Epic Games Unreal Datasmith (UDATASMITH) Writer

Licensing options for this format begin with FME Desktop Professional Edition.

The Epic Game Unreal Datasmith (UDATASMITH) writer provides FME with write access to data in the Unreal Datasmith format. The Datasmith version created by FME is supported in Unreal Studio version 4.21 and higher.

Overview

Epic Games Unreal Datasmith (.udatasmith) is a file standard that is used to import 3D scenes into Unreal Engine projects. Datasmith folders contain Assets such as meshes and textures. These Assets are used to create a .udatasmith file, which contains a scene hierarchy of Unreal Engine Actors (instances). Multiple Actors can be associated with the same Assets, and each Actor can also contain a set of metadata keys and values.

UDATASMITH files are organized in a hierarchical structure:

Term

FME Representation

Description

Scene

Writer Dataset

A file that contains a group of Assets and Actors.

Layer

Feature Type

A group of related Actors in a Scene.

Actor

Geometry Instance

An instance of a game object, which may contain other Actors. An Actor usually references one or more Assets.

Asset

Appearance, Texture, Raster, or Geometry Definition

A file that contains data used to render once ore more Actors in a Scene.

Property

Attribute or Trait

A key and value in an Actor's metadata dictionary.

The UDATASMITH writer dataset is a folder where FME will write asset files and a scene file. Each FME Feature Type will be represented as a Layer in the scene. For each geometry on an FME feature, the writer will create an Actor in the scene. If the geometry can be represented as a surface, then the writer will create an associated mesh asset. If the geometry has one or more appearances, then the writer will create associated material and texture assets. Feature attributes and geometry traits are written as a metadata dictionary attached to each Actor.

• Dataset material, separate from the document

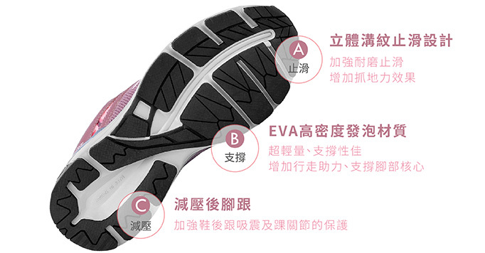 EVA超輕量一體成型橡膠鞋底,立體溝紋止滑設計,加強止滑耐磨,增加抓地力;EVA高密度發泡材質,增加行走助力,支撐腳部核心;鞋後跟加強吸震效果,幫助減壓,保護後腳跟及踝關節。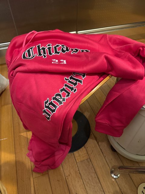 10 valoraciones en Conjunto Deportivo de Mujer de 2 Piezas: Sudadera con Capucha y Pantalón, Estampado Gráfico Chicago, Rosa, Talla Grande

Note: The UDATASMITH format is limited to 32-bit precision for its coordinates and, as a result, translations involving a greater level of precision (that is, using world coordinates instead of local coordinates) may produce UDATASMITH data where different coordinates are collapsed into a single coordinate. You can resolve this issue by offsetting the x,y,z coordinates such that the model's origin is moved to (0,0,0) or another point close to this, which has the effect of moving the model into a local coordinate system.